Well they are made for sublimation. I don't have to apply any coating, but they are for sublimation.

I buy them from Conde.com.


----------



## Cjoe Design (Jun 3, 2008)

RedEye,
Are the clipboards made of the same material as the Conde Dry Eraseboard. I have never done them but the whole batting linup or playboard idea could sell.


----------



## RedEye (Aug 18, 2006)

Cjoe Design said:


> RedEye,
> Are the clipboards made of the same material as the Conde Dry Eraseboard. I have never done them but the whole batting linup or playboard idea could sell.


I'd imagine so, they are a dry erase board with a clip on the top.


----------



## COEDS (Oct 4, 2006)

RedEye said:


> Well they are made for sublimation.
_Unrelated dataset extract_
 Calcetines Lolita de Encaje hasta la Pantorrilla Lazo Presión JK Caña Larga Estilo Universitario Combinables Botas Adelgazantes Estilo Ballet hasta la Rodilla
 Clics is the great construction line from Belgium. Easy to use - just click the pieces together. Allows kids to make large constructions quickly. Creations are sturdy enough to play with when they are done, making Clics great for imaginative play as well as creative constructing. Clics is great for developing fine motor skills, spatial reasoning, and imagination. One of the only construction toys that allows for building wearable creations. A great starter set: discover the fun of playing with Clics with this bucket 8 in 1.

I don't have to apply any coating, but they are for sublimation.
> 
> I buy them from Conde.com.


Wow !!!! nice job.Thankyou very much for sharing I really like the sublimation technology, but don't feel I should be forced by the courts to buy ink from Sawgrass. I wish we had a choice. ..... JB


----------



## MotoskinGraphix (Apr 28, 2006)

I dont do sublimation but have seen some awesome products. The bowling style crew wear for race teams is awesome.


----------



## conde tech (Nov 15, 2007)

The clipboards are made out of MDF materials...the same materials the hard boards plaques and tiles are made out of.


----------



## JaeAmera (Dec 25, 2006)

In a nutshell.....It's all about what you want to produce....think outside the norm, satisfy your inner self and you will go far.

Try not to worry about what sells the most. (that usually equates to more competition)
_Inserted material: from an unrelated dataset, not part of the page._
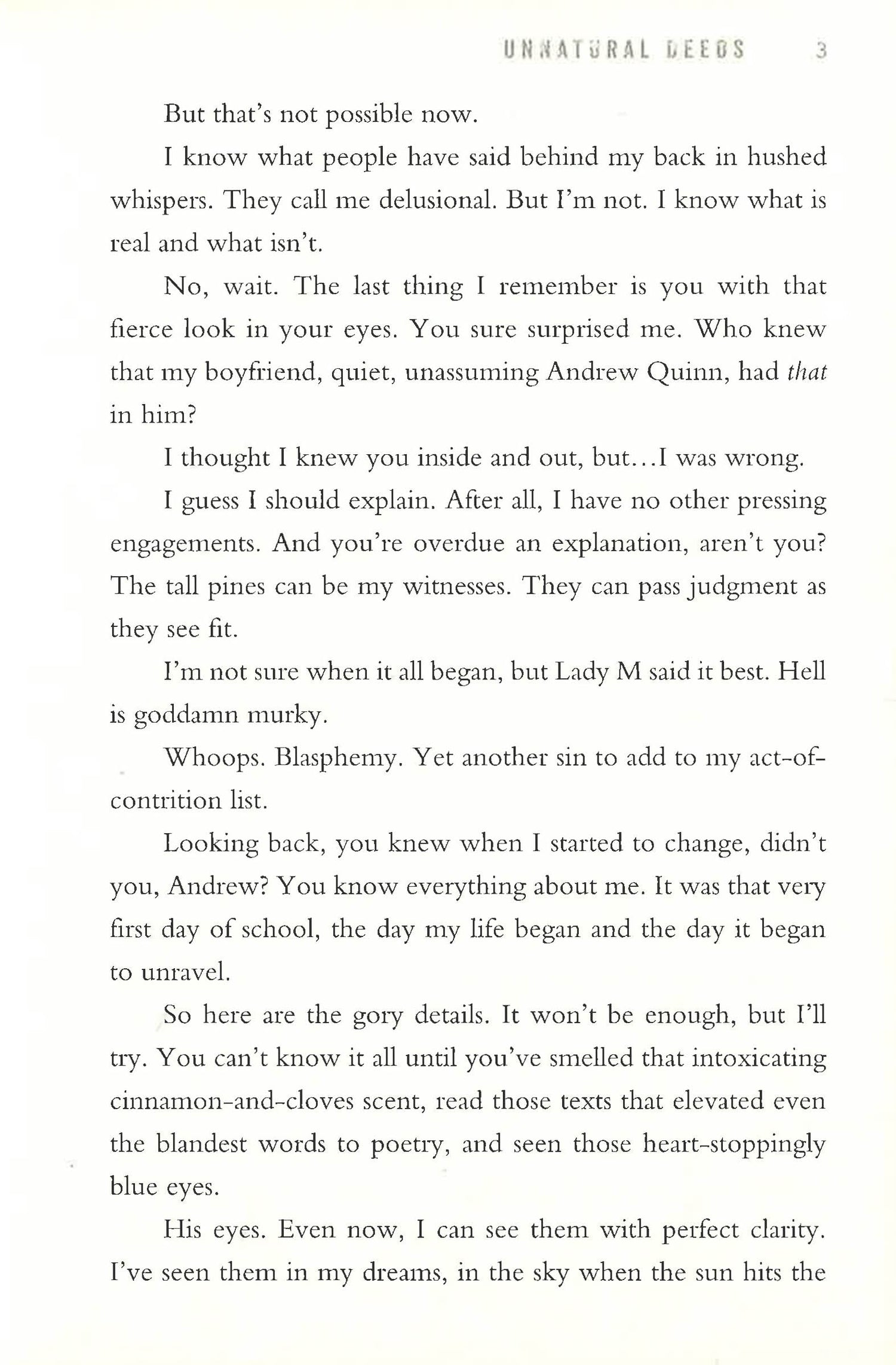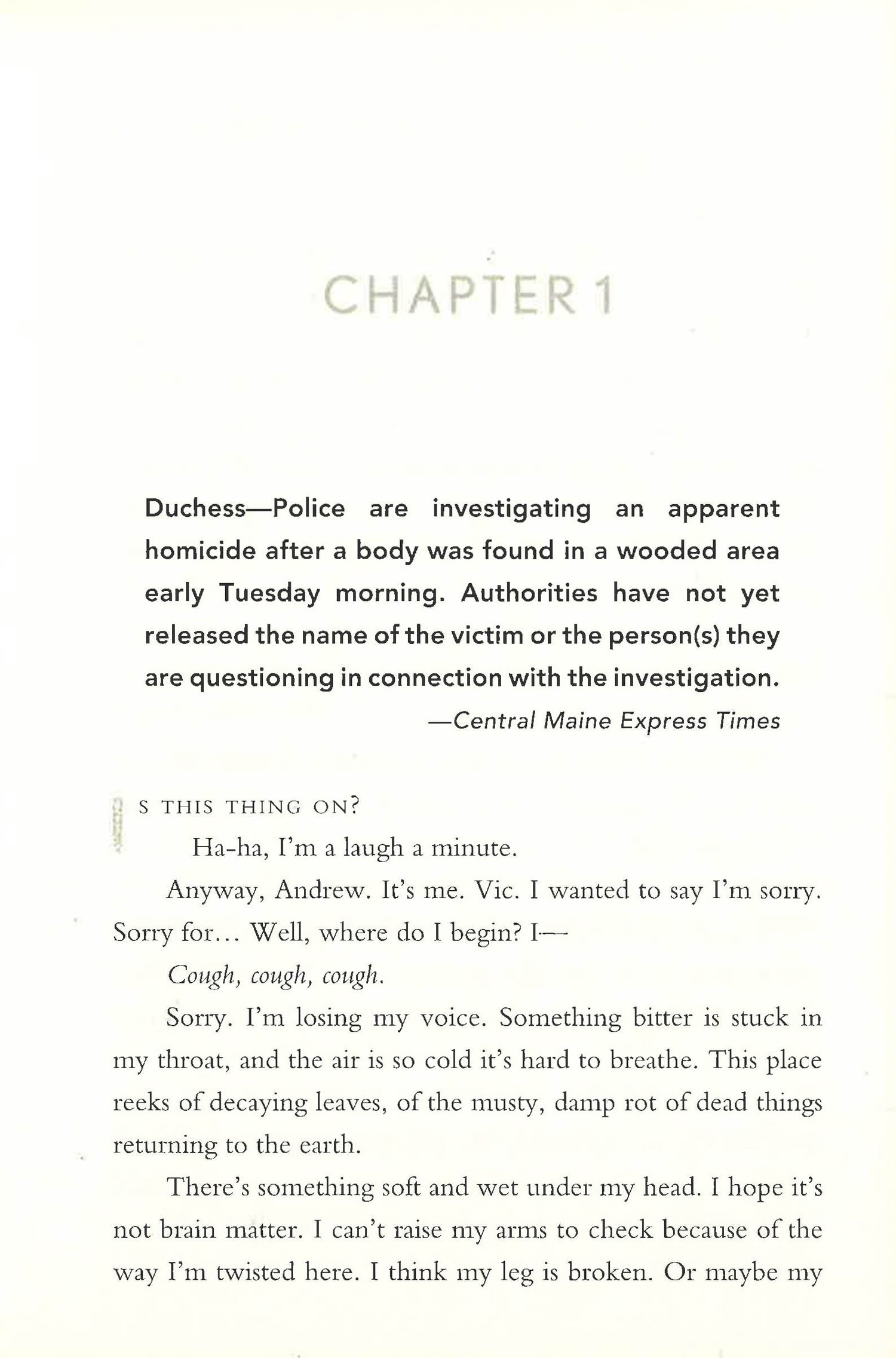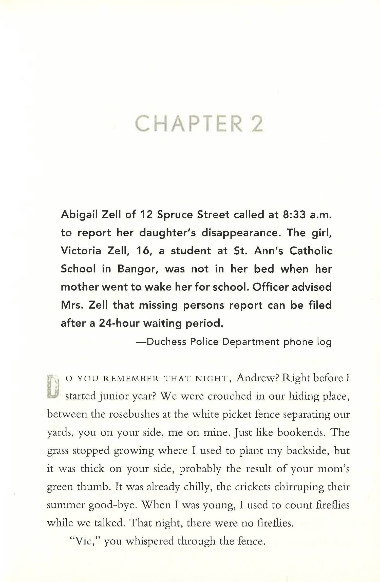 Secrets. Obsession. Murder. Victoria is about to discover just how dangerous it can be to lose yourself. Victoria Zell doesn't fit in, not that she cares what anyone thinks. She and her homeschooled boyfriend, Andrew, are inseparable. All they need is each other. That is, until Zachary Zimmerman joins her homeroom. Within an hour of meeting, he convinces good-girl Vic to cut class. And she can't get enough of that rush. Despite Vic's loyalty to Andrew, she finds her life slowly entwining with Z's. Soon she's lying to everyone she knows in an effort to unravel Z's secrets. Except Z's not the only one with a past. Victoria's hiding her own secrets, secrets that will come back to haunt her...and destroy everything in her path.

It should be about what you can innovate into a lucrative market niche.

Tiles, Tile murals, and apparel are always solid product choices in the sublimation industry; but many products are looked over that have the potential to make large revenue streams if capitalized in innovative ways.


Jae'


----------



## EnchantedMirror (May 24, 2008)

I just started with Dye Sub, and my most requested items so far are the dog tags, votive candle holders and shot glasses


----------



## EnchantedMirror (May 24, 2008)

JaeAmera said:


> In a nutshell.....It's all about what you want to produce....think outside the norm, satisfy your inner self and you will go far.
> 
> Try not to worry about what sells the most. (that usually equates to more competition)
> 
> ...


Those t-shirts are INCREDIBLE, Jae'!


----------



## CarlT (May 23, 2007)

Apparel (T-shirts mainly)
License Plates
Commemorative Plates
and Keychains
Also starting to do Photo Panels as well.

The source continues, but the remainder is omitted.